Climate Activists Pelt $110 Million-Dollar Monet with Mashed Potatoes


Two members of German climate change action group Lezte Generation (Last Generation) soused Claude Monet’s 1890 painting Meules with mashed potatoes on Sunday in an effort to bring attention to the climate crisis. Each activist then glued one hand to the wall and knelt before the spud-soaked work, valued at $110.7 million, to address those gathered. Their effort, which took place at Potsdam, Germany’s Museum Barberini, closely echoed that earlier this month by a pair of demonstrators from the activist group Just Stop Oil, who sloshed tomato soup across Vincent van Gogh’s Sunflowers at London’s National Gallery in attempt to draw attention to their cause. Like the van Gogh work, the Monet painting was protected by glass and thus undamaged.

“People are starving, people are freezing, people are dying,” asserted Mirjam Herrmann, one of the demonstrators. “We are in a climate catastrophe and all you are afraid of is tomato soup or mashed potatoes on a painting. You know what I’m afraid of? I’m afraid because science tells us that we won’t be able to feed our families in 2050. Does it take mashed potatoes on a painting to make you listen?” Herrmann continued. “This painting is not going to be worth anything if we have to fight over food. When will you finally start to listen? When will you finally start to listen and stop business as usual?”

The demonstrators chose the painting, which they knew to be protected, based on its idyllic portrayal of nature—the work depicts scattered haystacks in a field at sunrise—and thus its connection to their cause. “Monet loved nature and captured its unique and fragile beauty in his works,” said Letzte Generation Aimée van Baalen in a statement. “How is it that so many are more afraid of damaging one of these images of reality than of the destruction of our world itself, the magic of which Monet admired so much?”

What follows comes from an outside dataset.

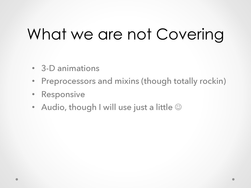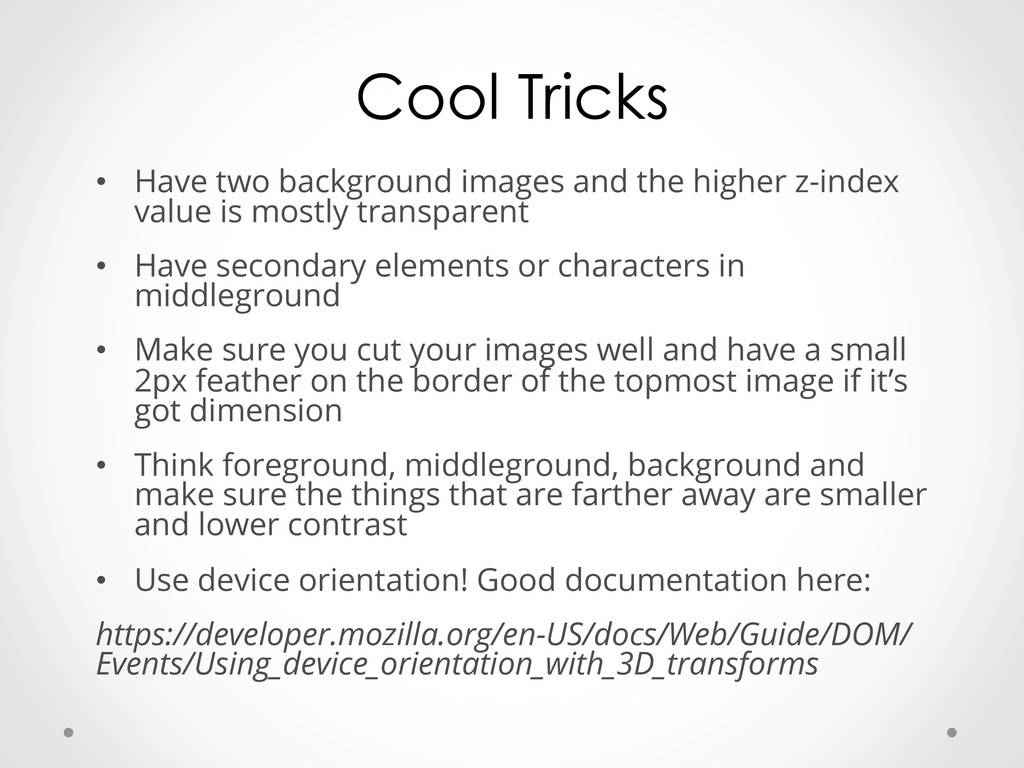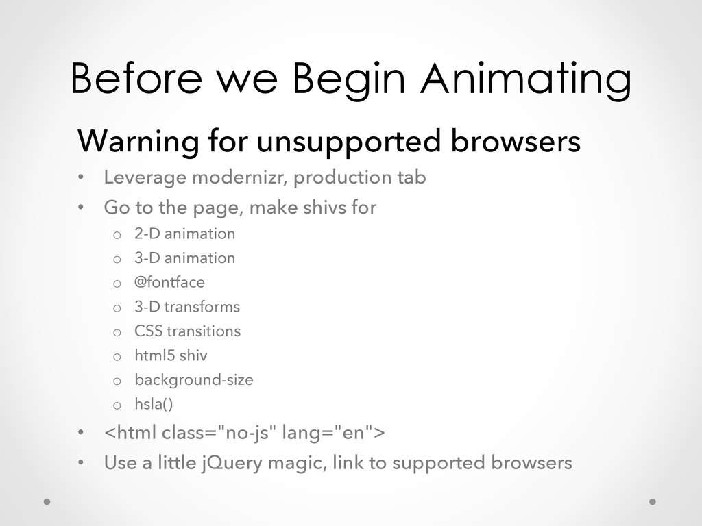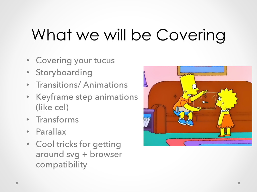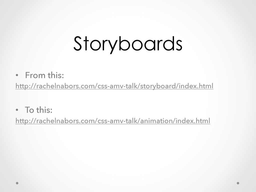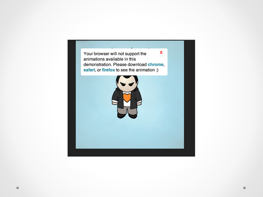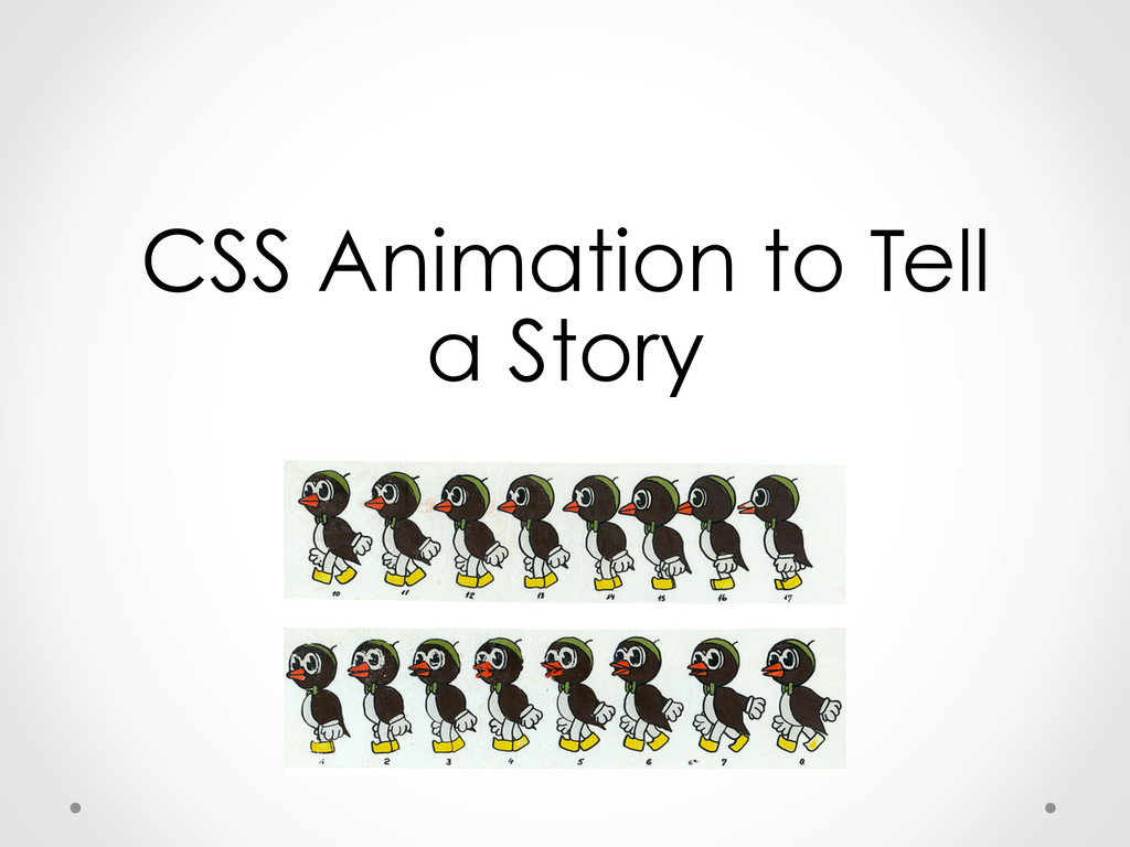 Using advanced techniques, we will be constructing engaging CSS animations with very little to no jQuery. Through the creation of scalable graphics we will emphasize using the smallest amount of code for maximum impact and show when it is appropriate to use transitions versus animations and even how to combine them. We will look at current support for techniques across browsers, and spacial depth with foreground, middleground, and background. We will also be discussing the use of storyboarding to work out ideas to cut down on editing time and the composition of a nuanced character, even if the character is a concept.

Letzte Generation had earlier staged similar demonstrations, with its members gluing themselves to the frames of renowned paintings inside major institutions. Their efforts aroused the ire of the German Cultural Council, which pleaded with them to cease and desist, fearing injury to the works. In the wake of the widely covered Just Stop Oil action, which shocked the public and elevated the topic of climate change in the media without damaging the targeted work, more such actions may be expected by young activist groups, whose members are among one of the first generations who will be forced to fully face the dire effects of human-caused climate change in the coming decades.